RECORDS FOR THIS EXERCISE
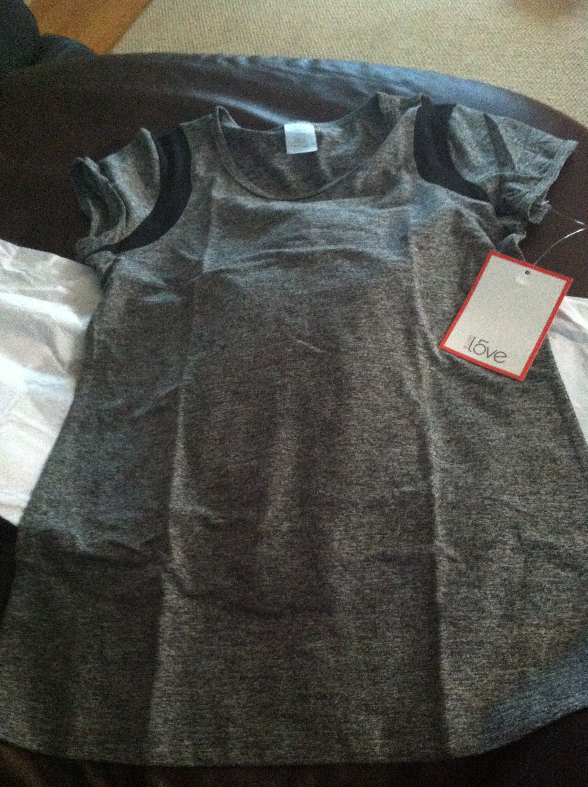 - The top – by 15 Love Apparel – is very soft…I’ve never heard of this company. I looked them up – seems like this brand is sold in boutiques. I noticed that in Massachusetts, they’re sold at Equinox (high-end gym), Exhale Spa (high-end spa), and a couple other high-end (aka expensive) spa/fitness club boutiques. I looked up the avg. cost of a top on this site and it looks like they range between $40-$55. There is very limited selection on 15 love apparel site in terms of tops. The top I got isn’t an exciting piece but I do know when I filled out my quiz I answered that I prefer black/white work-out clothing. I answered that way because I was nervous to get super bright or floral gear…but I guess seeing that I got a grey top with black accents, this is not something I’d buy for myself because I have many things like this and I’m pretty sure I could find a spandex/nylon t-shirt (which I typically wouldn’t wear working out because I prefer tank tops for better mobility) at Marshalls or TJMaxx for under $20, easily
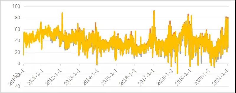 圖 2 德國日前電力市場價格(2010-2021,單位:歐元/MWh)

* * *

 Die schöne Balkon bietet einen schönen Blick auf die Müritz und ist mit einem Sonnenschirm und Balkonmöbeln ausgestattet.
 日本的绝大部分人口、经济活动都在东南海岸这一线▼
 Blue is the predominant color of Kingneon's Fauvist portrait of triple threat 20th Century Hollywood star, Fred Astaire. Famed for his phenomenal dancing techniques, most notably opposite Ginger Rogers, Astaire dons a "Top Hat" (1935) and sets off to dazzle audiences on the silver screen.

DIRECTIONS FOR THIS TASK
Look above for the line holding "日本的绝大部分人口、经济活动都在东南海岸这一线▼". Print it and every line after it, exactly, through the line holding "Blue is the".

TASK RESULT
 日本的绝大部分人口、经济活动都在东南海岸这一线▼
 Blue is the predominant color of Kingneon's Fauvist portrait of triple threat 20th Century Hollywood star, Fred Astaire. Famed for his phenomenal dancing techniques, most notably opposite Ginger Rogers, Astaire dons a "Top Hat" (1935) and sets off to dazzle audiences on the silver screen.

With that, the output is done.